Le Creusot vu par Guy de Maupassant, 1884

publié le 5 décembre 2017 (modifié le 27 janvier 2019)

« Le ciel est bleu, tout bleu, plein de soleil. Le train vient de passer Montchanin. Là-bas, devant nous, un nuage s’élève, tout noir, opaque, qui semble monter de la terre, qui obscurcit l’azur clair du jour, un nuage lourd, immobile. C’est la fumée du Creusot.
On approche, on distingue. Cent cheminées géantes vomissent dans l’air des serpents de fumée, d’autres moins hautes et haletantes crachent des haleines de vapeur ; tout cela se mêle, s’étend, plane, couvre la ville, emplit les rues, cache le ciel, éteint le soleil
Il fait presque sombre maintenant. Une poussière de charbon voltige, pique les yeux, tache la peau, macule le linge.
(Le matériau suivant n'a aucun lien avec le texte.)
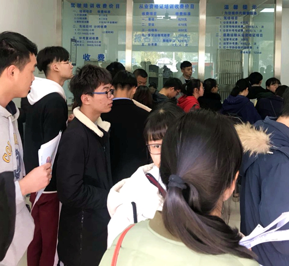 3月3日,高校開學(xué)首日,前來報(bào)名的人數(shù)就達(dá)到了80人。面對高校學(xué)生爭相報(bào)名的火熱場面,汽校馬上啟動預(yù)案,聯(lián)系大巴車負(fù)責(zé)兩高校報(bào)名學(xué)生的集中接送。所有工作人員也放棄午休時(shí)間,加班加點(diǎn)為學(xué)員們辦理報(bào)名手續(xù)。學(xué)校為確保學(xué)生報(bào)名注冊工作順利進(jìn)行,還安排專人對每一個(gè)報(bào)名學(xué)員進(jìn)行全程陪同。報(bào)名服務(wù)中心的工作人員從8點(diǎn)上班一直忙到傍晚18:30才完成當(dāng)天的報(bào)名注冊工作。

Les maisons sont noires, comme frottées de suie, les pavés sont noirs, les vitres poudrées de charbon. Une odeur de cheminée, de goudron, de houille flotte, contracte la gorge, oppresse la poitrine, et parfois une acre saveur de fer, de forge, de métal brûlant, d’enfer ardent, coupe la respiration, vous fait lever les yeux pour chercher l’air pur, l’air libre, l’air sain du grand ciel ; mais, on voit planer là-haut le nuage épais et sombre, et miroiter près de soi les facettes menues du charbon qui voltige.

C’est le Creusot.

Un bruit sourd et continu fait trembler la terre, un bruit fait de mille bruits, que coupe d’instant en instant un coup formidable, un choc ébranlant la ville entière.

Entrons dans l’usine de MM. Schneider ».